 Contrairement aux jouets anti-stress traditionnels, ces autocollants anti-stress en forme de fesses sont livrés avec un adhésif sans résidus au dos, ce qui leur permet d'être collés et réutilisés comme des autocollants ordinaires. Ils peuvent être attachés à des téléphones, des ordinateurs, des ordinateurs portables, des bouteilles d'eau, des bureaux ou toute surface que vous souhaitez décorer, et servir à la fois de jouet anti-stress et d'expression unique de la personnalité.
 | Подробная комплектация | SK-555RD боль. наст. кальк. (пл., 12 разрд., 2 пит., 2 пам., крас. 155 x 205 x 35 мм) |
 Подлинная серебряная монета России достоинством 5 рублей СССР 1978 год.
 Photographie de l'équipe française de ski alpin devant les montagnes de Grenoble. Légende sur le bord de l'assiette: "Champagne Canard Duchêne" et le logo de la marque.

--

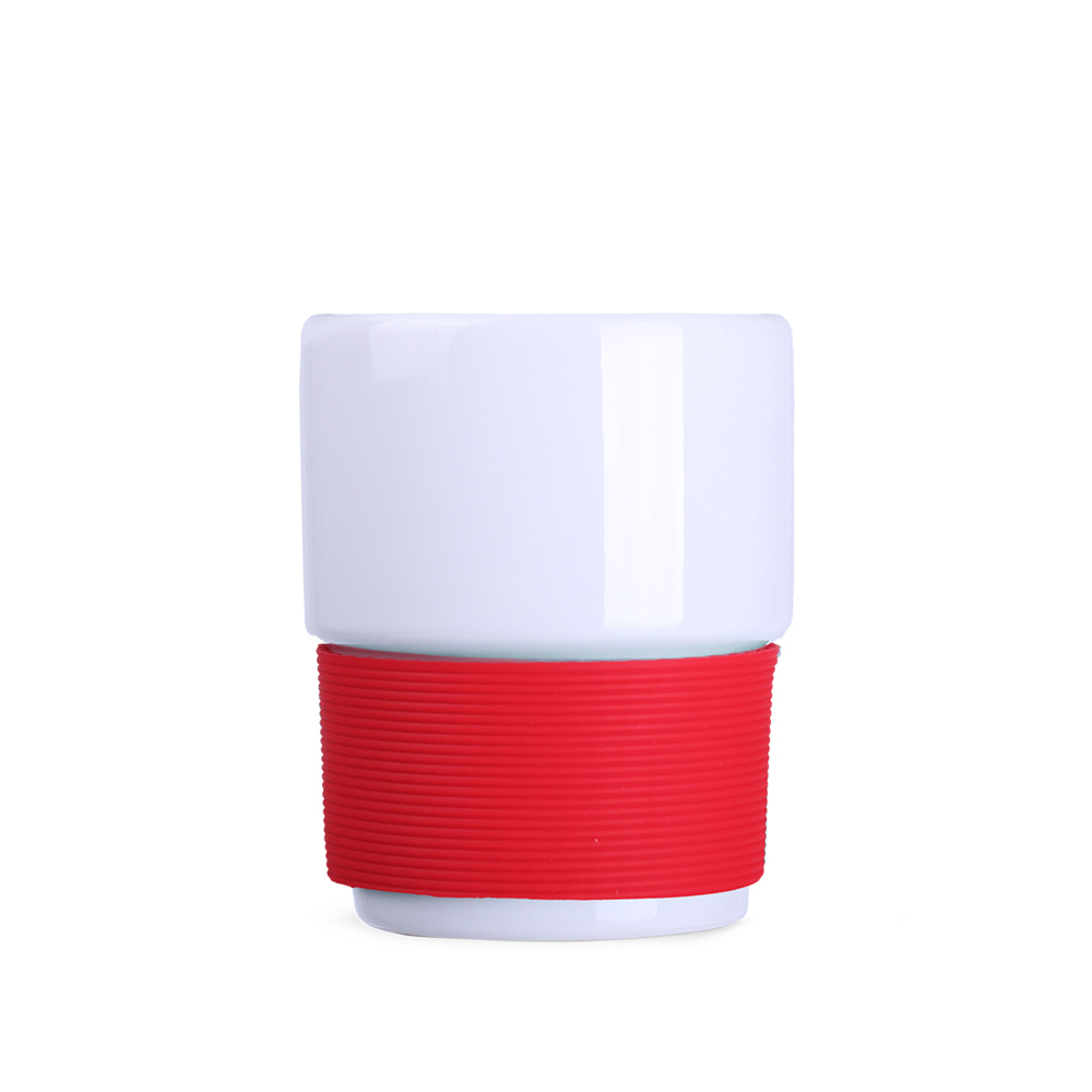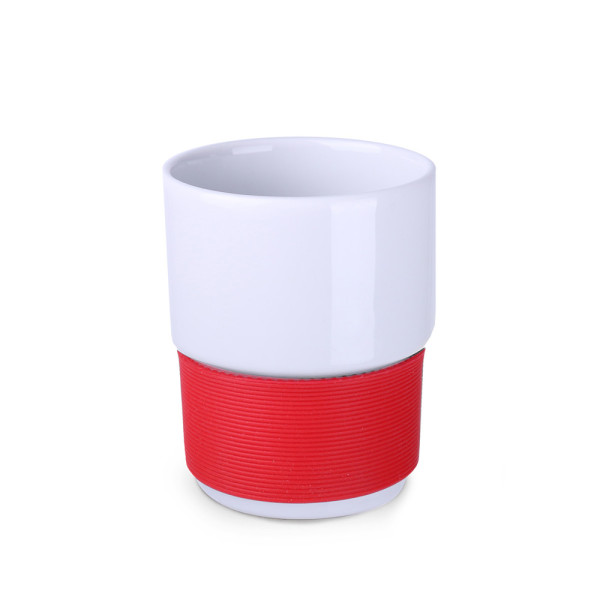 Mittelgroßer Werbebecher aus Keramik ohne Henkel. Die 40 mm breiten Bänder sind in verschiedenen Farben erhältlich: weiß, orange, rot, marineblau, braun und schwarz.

#### Problem details
Going down the listing above, begin printing at the line with "205 x 35 мм) |" and finish with the line with "Photographie de l'équipe", exactly as they appear.

#### Solution for this problem
 | Подробная комплектация | SK-555RD боль. наст. кальк. (пл., 12 разрд., 2 пит., 2 пам., крас. 155 x 205 x 35 мм) |
 Подлинная серебряная монета России достоинством 5 рублей СССР 1978 год.
 Photographie de l'équipe française de ski alpin devant les montagnes de Grenoble. Légende sur le bord de l'assiette: "Champagne Canard Duchêne" et le logo de la marque.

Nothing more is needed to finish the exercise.